▶ [Exercise brief] Exactly as written, retype the lines that run from the line holding "သတင်း-ဇော်မင်းလတ် (မြန်မာ့အလင်း)" through the end of the records below. Do not include pictures.

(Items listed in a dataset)
----

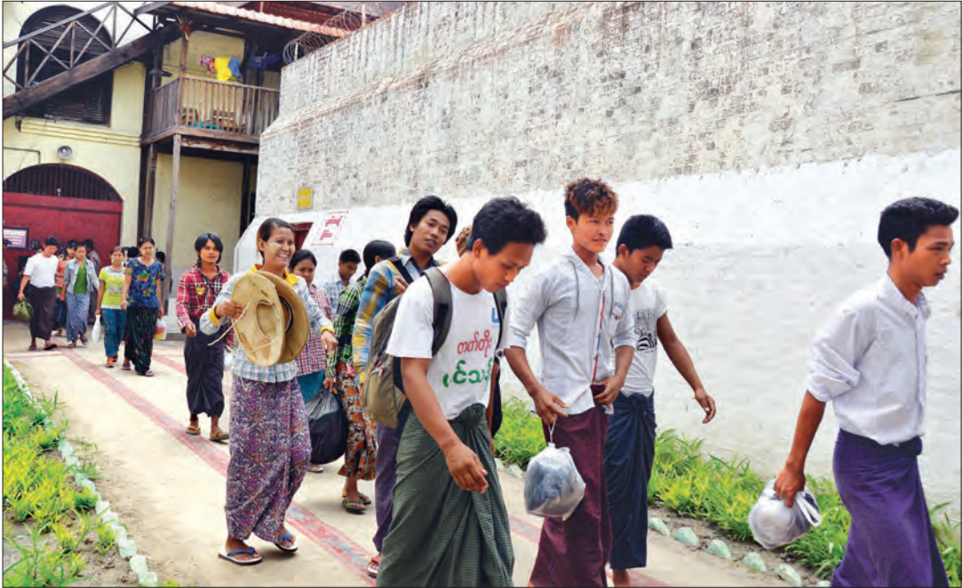
ရမည်းသင်း ဗဟိုအကျဉ်းထောင်မှ လွတ်မြောက်လာသည့် ဆန္ဒပြအလုပ်သမားများအား တွေ့ရစဉ်

သတင်း-ဇော်မင်းလတ် (မြန်မာ့အလင်း)
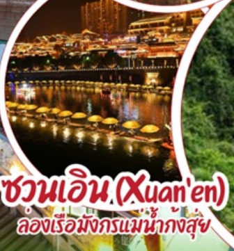
ชว่นเอน (Xuan'en) ล่องเรือมังกรแม่น้ำหงส์
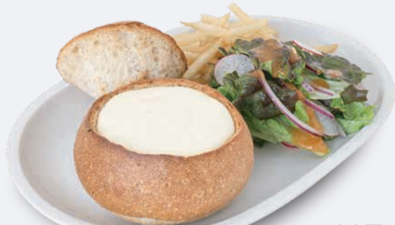
オリジナルチーズパンデュ 1,100円 ドリンク付き 1,400円
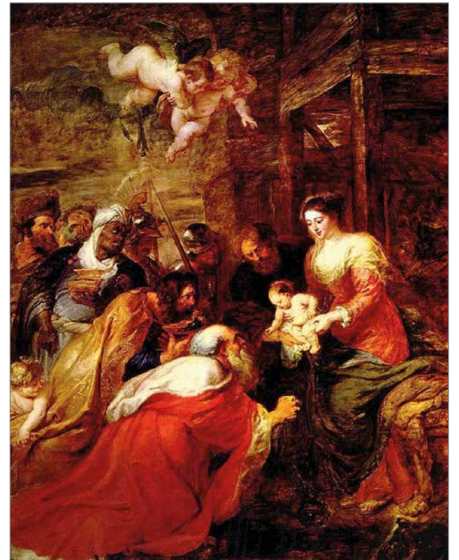
Peter Paul Rubens: Kuninkaiden kumarrus, 1630-luku. - Seimen ääressä lapsen edessä kumartuvat tietäjät ovat erirotuisia ja -ikäisiä ja heillä on mukanaan saattue turvamiehiä. Ylhäällä barokin ajan taiteelle tyypilliset kerubit laskeutuvat katsomaan kohtausta. (King's College Chapel, Cambridge.)
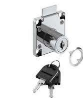
7 Cerradura sobrepuesta

----

▶ [Output]
သတင်း-ဇော်မင်းလတ် (မြန်မာ့အလင်း)
ชว่นเอน (Xuan'en) ล่องเรือมังกรแม่น้ำหงส์
オリジナルチーズパンデュ 1,100円 ドリンク付き 1,400円
Peter Paul Rubens: Kuninkaiden kumarrus, 1630-luku. - Seimen ääressä lapsen edessä kumartuvat tietäjät ovat erirotuisia ja -ikäisiä ja heillä on mukanaan saattue turvamiehiä. Ylhäällä barokin ajan taiteelle tyypilliset kerubit laskeutuvat katsomaan kohtausta. (King's College Chapel, Cambridge.)
7 Cerradura sobrepuesta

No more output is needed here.